Not really. I hate them as much as most people with three working brain cells, but they've both done quite a lot about security. It's just not enough and - like every company - they make decisions to not invest in some security measures because the ROI simply isn't there.

Comment Re:Rubbish (Score 3, Insightful) 336

Nonsense. On their gaming systems you are unlikely to find any data that the companies would consider valuable. And 10+ years of experience show that "oops, we leaked customer data" isn't really a game-changer.

But cries from customers can be. Denying them the joy of their freshly gifted gaming console can be very powerful. It's not the nice way, definitely not, but it makes headlines.

I doubt it's going to change anything, because customers are too used to computers not working. That is the real damage that 30 years of Microsoft dominance have done to the world.

Comment Why Kozmo sort of succeeded (Score 1) 34

Ok, the company as a whole tanked rapidly, as one might expect, but according to friends who lived in its territory at the time, one reason the service was so popular was that one of the things it delivered was weed.
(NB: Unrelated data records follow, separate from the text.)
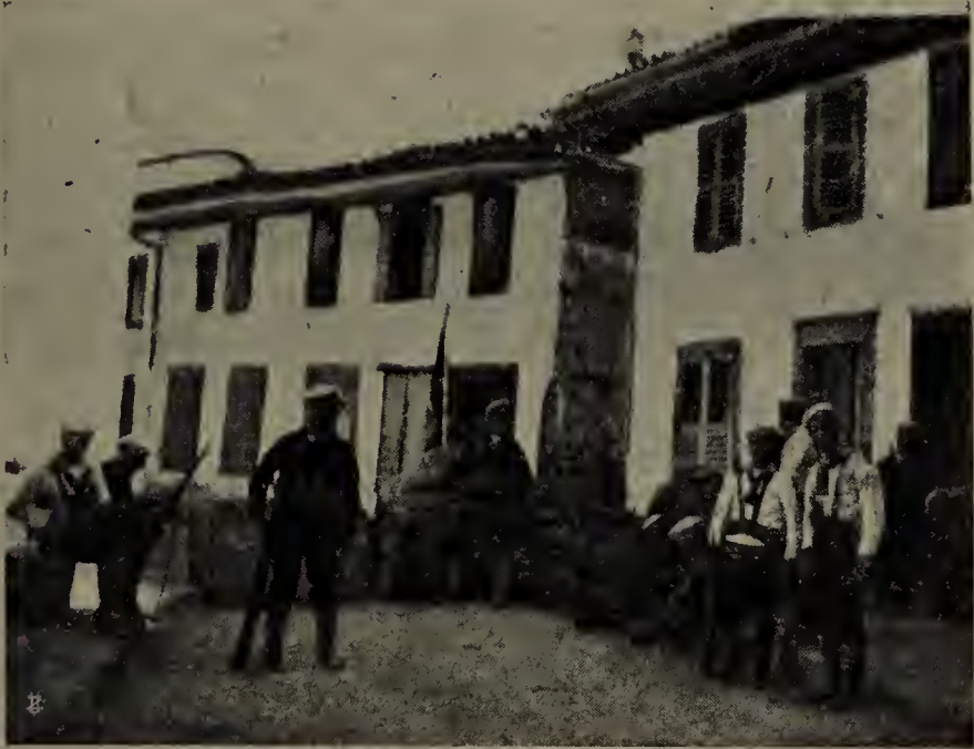
Marinai italiani alla difesa di Durazzo.

Nè alcuna parola è necessaria a cuore albanese per dimostrare il diritto della stirpe a quella indipendenza politica, che, grazie alla volontà del popolo italiano, essa ha finalmente raggiunta: tale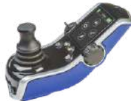
JOYSTICK Q-LOGIC 3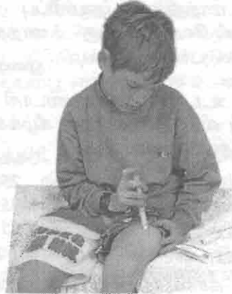
இன்கலின் ஏற்றும் சிறுவன்

நீரிழிவு நோய்க்கென டயனில் (Daonil), மெற்போமின் (Metformin) முதலிய மருந்துகள் ஆங்கில மருத்துவத்தில் உள்ளன. இவற்றை மருத்துவரின் ஆலோசனையின் பிரகாரம் விற்றமின் களையும் சேர்த்துப் பயன்படுத்த வேண்டும். நீரிழிவு நோயாளர் அருந்தக் கூடிய வகையில் சில பானங்களும், இனிப்பு வகைகளும், கொழுப்பற்ற பால்மா வகைகளும் தற்போது கடைகளில் விற்கப்படுகின்றன. ஐரோப்பிய நாடுகளில் நீரிழிவு நோயாளர்க்கென தனியாக எல்லா வித உணவுகளும் பானங்களும் விற்கப்படுகின்றன.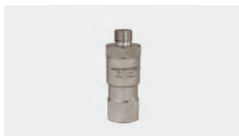
1/4" M BSP - 3/8" F NPT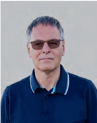
Axel Klein; Foto privat

Kirche findet heute längst nicht mehr nur unter dem Kirchturm statt. In einer Welt, die sich immer schneller vernetzt, ist die „digitale Kirche“ ein fester Bestandteil unseres Gemeindelebens geworden.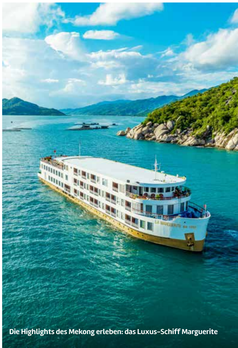
Die Highlights des Mekong erleben: das Luxus-Schiff Marguerite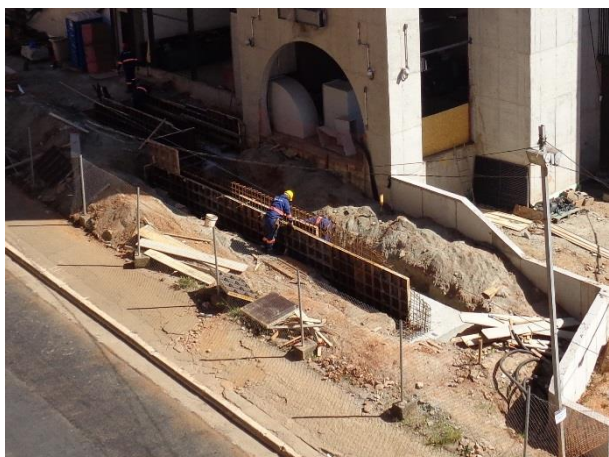
Obra Civil – execução do muro de contenção do Acesso Norte.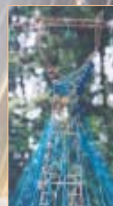
↑ « Maquette »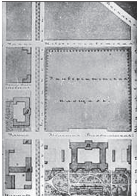
Рисунок 1. План Києва 1871 р. Фрагмент

Застройкою этого места, уничтожается один из значительных притонов преступлений и разврата и увеличится в городе пространство, способное к сооружению жилых зданий. Это обстоятельство имеет особенную важность частью потому, что в настоящее время ощущается недостаток в квартирах, частью потому, что в непосредственной близости площади и без того уже находятся незастроенные места, кои к постройкам не могут быть употреблены: таковы: Ботанический сад и рвы за ним и сад Гимназический. С застройкою пустопорожнего места пред Университетом уничтожается пространство совершенно разобщающее Университетские кварталы с центром города и напротив, в самом центре возникает два лучших квартала, в непосредственной близости учебных заведений. Существующее незастроенное место заключает в себе более 20 тыс. кв. саж. и от продажи его по участкам город мог бы приобрести огромную сумму» [2].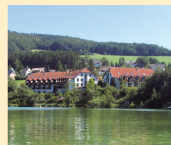
Hotel Diemelsee 34519 Heringhausen Tel. 05633/9931-0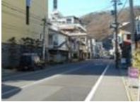
戸倉上山田温泉街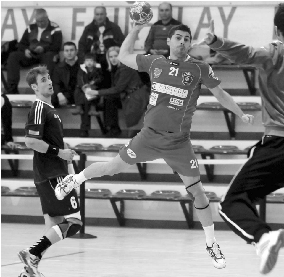
A székelyudvarhelyi KC magabiztosan győzött Bukarestben a Steaua ellen

Bár két mérkőzéssel kevesebbet játszott, az Oltchim (24) vezet a Zilah (21), a Galac (19) és a Kolozsvár előtt. Az Oltchim holnap a Romant fogadja, a Kolozsvár pedig szerdán a Galacot. ◀

The company itself didn't sell it, but the drivers did that themselves, so they were happy and the customers were happy, and there were an awful lot of deliveries that had only one random item on the books (plus weed.)

Comment Skype Call Setup and Media Path Protocols (Score 1) 71

Skype used a server-based system to set up calls, going through supernodes if possible (so it was semi-P2P), which handled subscriber lookup functions and also NAT transparency (which was the big thing that Skype did better than standard VOIP protocols such as H.323 and SIP.)

For the actual media path, if it could go directly, it would, but otherwise it would carry the call through supernodes (again, the NAT traversal problem.)

These days it seems to be mostly central servers, partly as a result of Microsoft buying them and partly because there was a lot of corporate pushback against supernodes using your corporation's bandwidth to complete somebody else's call.